**What you are asked to do**
Only the lines from the start of the data below through the line that contains "Nautilus 7118 Ladies" are to be copied, exactly and without pictures.

━━━━━━━━

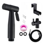 HAMILOのシャワーヘッドは、高水圧で効率的な掃除をサポート。ステンレス製で耐久性も抜群。トイレ用の分岐水栓とシャワーホースが付属し、シンプルなブラックデザインが魅力です。
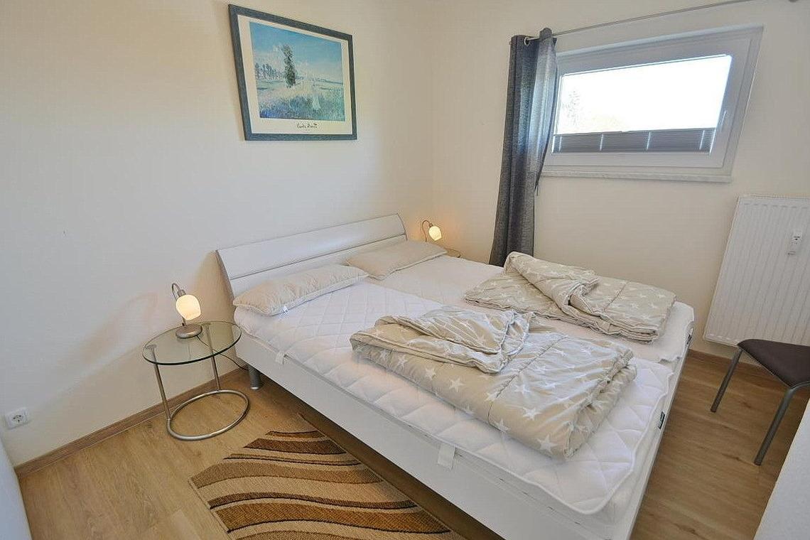 Das freundliche Schlafzimmer verfügt über ein Doppelbett (2x90x200cm) und einen 3-türigen Kleiderschrank. Der Schlafbereich ist mit Designerplanken ausgelegt. Das Fenster lässt sich durch ein Plissee verdunkeln.
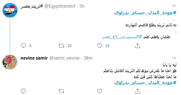 واعتبر الإعلامي هيثم أبو خليل أن الهاشتاج عقاب لبدراوي قائلا: “بيتم جلد الدكتور حسام بدراوي عن طريق الذباب الإلكتروني علشان كتب 7سطور ينتقد مجلس الأنس الجديد!! #مجلس_الشيوخ #السيسي_باع_مصر #عوده_الندل_حسام_بدراوي”.
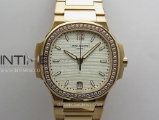 Nautilus 7118 Ladies Diamond Bezel RG DDF 1:1 Best Edition Gold Dial On RG Bracelet Super Clone DD324
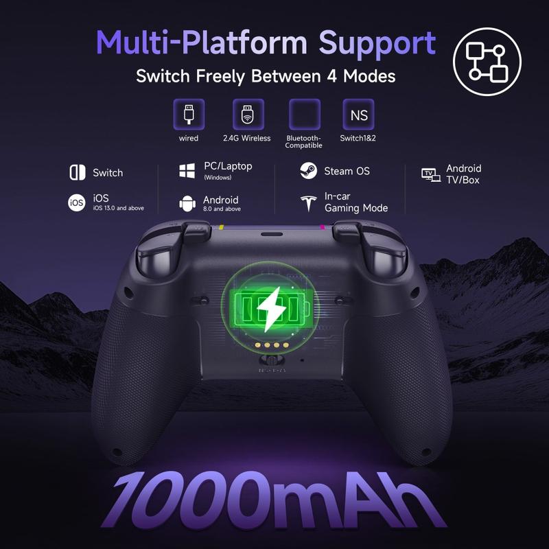 - Connectivité en trois modes - Basculez facilement entre les modes sans fil 2,4 GHz, compatible Bluetooth et USB-C filaire pour une compatibilité transparente avec la Switch, Windows, Android et iOS.
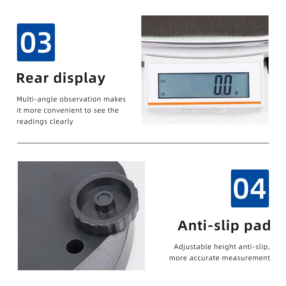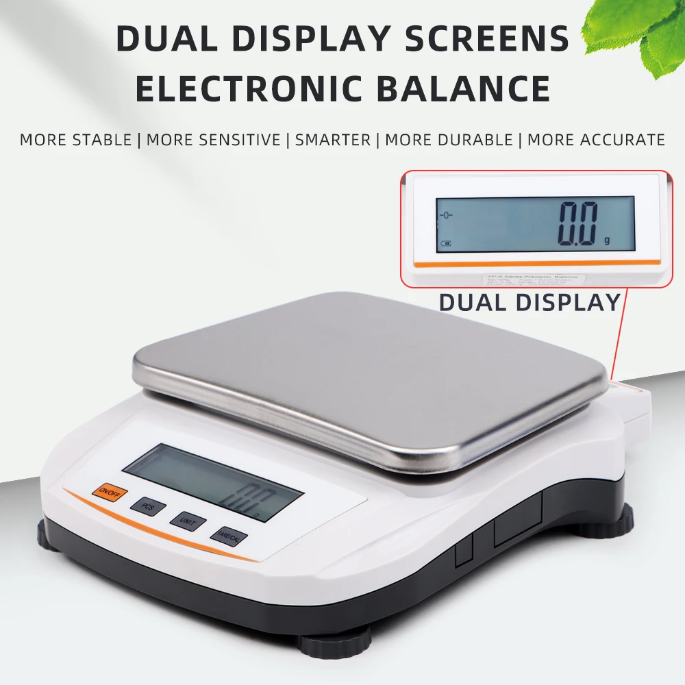 Báscula electrónica de laboratorio con pantalla dual, balanza analítica de alta precisión de 0,1g, 1KG, 3KG, 5KG, báscula de pesaje, enchufe europeo
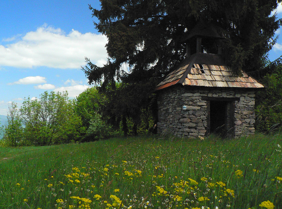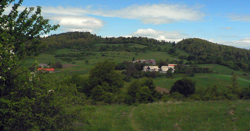 Chvíľu štrikujem krížom cez lúku, bez chodníka. Treba vyššie dvíhať kolená :-) Potom krátky lesný tunel a vynáram sa do nádherných výhľadov: Nízke Tatry, Poľana na obzore, podo mnou strakatá lazová krajinka nad Vígľašskou Hutou. Ideálny zjazdík na bajku by to bol. V závere zas asfalt, ale v takomto peknom počasí a prostredí neveľmi vadí. V Kalinke krížom cez hlavnú a davááj zas do kopca, toto bude asi najdlhší výšľap.
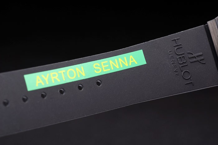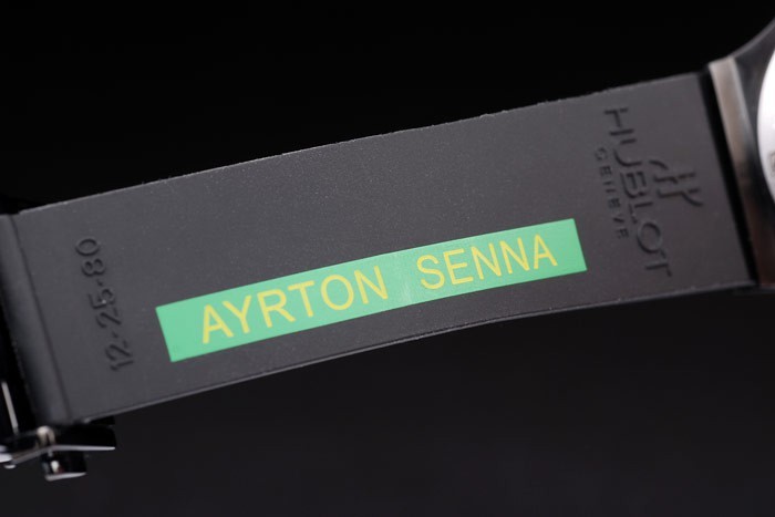 Bracelet de acero inoxidable: acanalado correa de caucho negro con Hublot Geneve en relieve en el interior junto con el verde sello de Ayrton Senna y cierre plegable gancho de la hebilla con Hublot Geneve engraving

━━━━━━━━

**Result below**
 HAMILOのシャワーヘッドは、高水圧で効率的な掃除をサポート。ステンレス製で耐久性も抜群。トイレ用の分岐水栓とシャワーホースが付属し、シンプルなブラックデザインが魅力です。
 Das freundliche Schlafzimmer verfügt über ein Doppelbett (2x90x200cm) und einen 3-türigen Kleiderschrank. Der Schlafbereich ist mit Designerplanken ausgelegt. Das Fenster lässt sich durch ein Plissee verdunkeln.
 واعتبر الإعلامي هيثم أبو خليل أن الهاشتاج عقاب لبدراوي قائلا: “بيتم جلد الدكتور حسام بدراوي عن طريق الذباب الإلكتروني علشان كتب 7سطور ينتقد مجلس الأنس الجديد!! #مجلس_الشيوخ #السيسي_باع_مصر #عوده_الندل_حسام_بدراوي”.
 Nautilus 7118 Ladies Diamond Bezel RG DDF 1:1 Best Edition Gold Dial On RG Bracelet Super Clone DD324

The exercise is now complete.